While some tax returns are simple, you might benefit from hiring a tax agent if:
- You have multiple income sources.
- You work from home regularly.
- You use your car for work purposes.
- You have a side hustle or freelance income.
- You have made personal super contributions.
- You have investment, rental, or crypto income.
- You are unsure about the required record-keeping.
- You want to reduce the risk of overclaiming.
A tax agent can help you apply current rules correctly and make sure that every deduction you claim is truly eligible.
Lawpath can help you stay compliant with the latest laws while maximising eligible tax refund strategies. Reach out today!
FAQs
How can I maximise my tax refund in Australia?

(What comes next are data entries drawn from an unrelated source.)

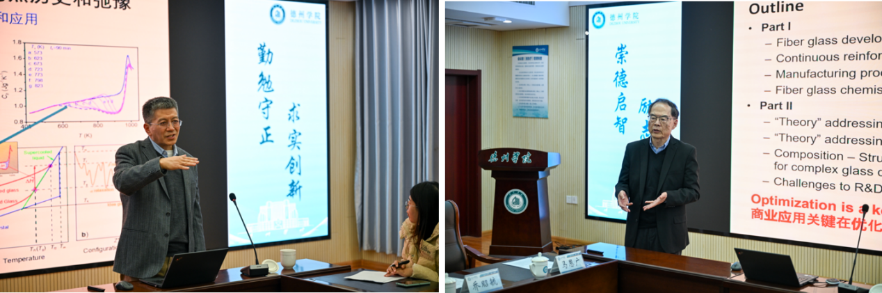 座谈会结束后,岳远征以《我的玻璃之缘》为题作学术报告,结合自身数十年科研经历,分享了与玻璃材料领域结缘的历程、关键研究节点的突破故事,以及玻璃材料在前沿科技领域的创新应用方向;李洪围绕《玻璃纤维制造技术及新产品开发中的挑战》展开汇报,系统分析了当前玻璃纤维制造行业的技术现状、核心工艺难点,重点剖析了新产品开发中面临的材料性能优化、绿色生产转型、市场适配性等关键挑战,并提出了针对性的解决思路与技术路径。两位专家的报告内容翔实、深入浅出,为在场师生带来了一场兼具理论高度与实践指导意义的学术盛宴。报告后,在场师生与专家进行了深入交流,现场互动氛围热烈。
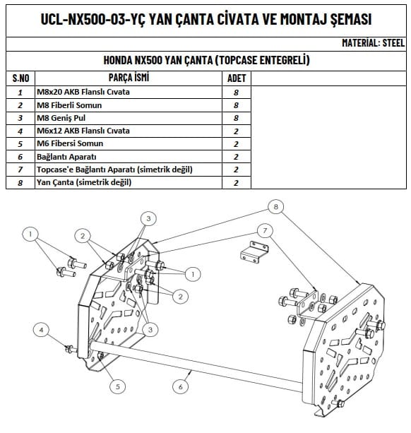GÖRSELDEKİ SADECE YAN ÇANTA DEMİRLERİ GÖNDERİLMEKTEDİR. MOTOÜÇEL ÇANTA DEMİRİ MEVCUT İSE UYUMLUDUR. DİĞER ÇANTA DEMİRLERİNE UYUMLU DEĞİLDİR.
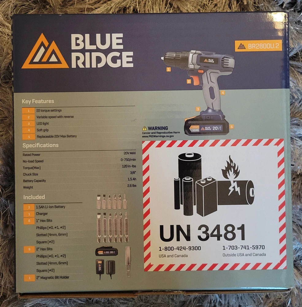 gtin13: 845534037319 Item Weight: 2.6 lbs Country/Region of Manufacture: China Battery Technology: Lithium-Ion (Li-Ion) Number of Batteries: 1 MPN: 78262220 Type: Power Drills Battery Included: Yes Set Includes: Drill Bits Battery Capacity: 1.5 Ah Maximum Torque: 120 in-lbs Color: Blue Manufacturer Warranty: 2 Years Material: Plastic, Metal, Rubber Voltage: 20 V Power Source: Battery Auxiliary Handle: No UPC: 845534037319 Chuck Type: Keyless Chuck Size: 3/8 in Brand: Blue Ridge Tools
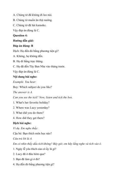 1. What's her favorite holiday? 2. Where was Lucy yesterday? 3. What did you do there? 4. How did they get there? Dịch bài nghe:
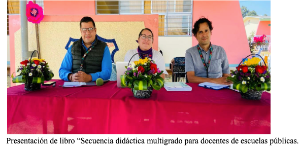 Se realizó la presentación de los tres libros que componen las Secuencias didácticas multigrado para docentes de escuelas primaria (2021): Orientaciones para el trabajo en contextos escolares multigrado, Propuestas de trabajo en el aula y Cuaderno de Actividades para alumnos. Con la participación del Dr. Diego Juárez Bolaños y la Doctoranda Tania Santos Cano, quienes forman parte de la coordinación y equipo de diseño, respectivamente, además de la moderación del Mtro. Alejandro Hoyos Montoya. Las intervenciones sobre se realizaron sobre cómo los libros pretenden apoyar el trabajo de docentes y estudiantes, específicamente para la asignatura de Exploración del Mundo Natural con la finalidad de fortalecer la recuperación de saberes locales y la enseñanza de lenguas indígenas, también se compartió sobre la organización de las secuencias a partir de 12 temas comunes.
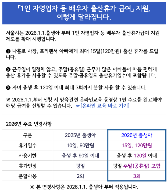 혼자 일하는 개인사업자와 프리랜서에게 출산은 기쁨과 동시에 현실적인 부담으로 다가오는 경우가 많습니다. 가게 문을 닫거나 업무를 쉬는 순간 바로 소득 활동이 중단되기 때문입니다. 이러한 현실을 고려해 서울시는 1인 자영업자와 프리랜서를 위한 출산 관련 지원 제도를 단계적으로 확대해 왔으며, 2026년부터는 배우자 출산휴가급여가 한층 강화됩니다.

You can make sure you get the most out of your tax refund by declaring all income, claiming every eligible deduction and offset, using the current rates, and keeping records that support each claim. The goal is to legally reduce taxable income, not to guess or inflate expenses.
What is the working from home rate for 2025–26?
The fixed rate method is 70 cents per hour worked from home.
What is the cents-per-kilometre rate for 2025–26?
The cents-per-kilometre rate is 88 cents per kilometre, up to 5,000 business kilometres per car.
Does a tax deduction increase my refund by the full amount?
No. A deduction reduces taxable income, so the benefit depends on your tax rate and overall return position.
Can I claim personal super contributions?
Usually, yes. You need to make sure the contribution is eligible, that you stay within the concessional cap, that your fund provides a valid notice of intent, that the fund acknowledges it, and that you claim it correctly in your return.
Can I claim the proposed $1,000 instant tax deduction?
Not at the time of writing this article, and the legislation hasn’t yet passed. Until then, normal deduction rules still apply.
What records do I need for my tax return?
Keep income records, receipts, logs or diaries for work-related use, super paperwork, and any documents that show how you calculated apportionment or business use.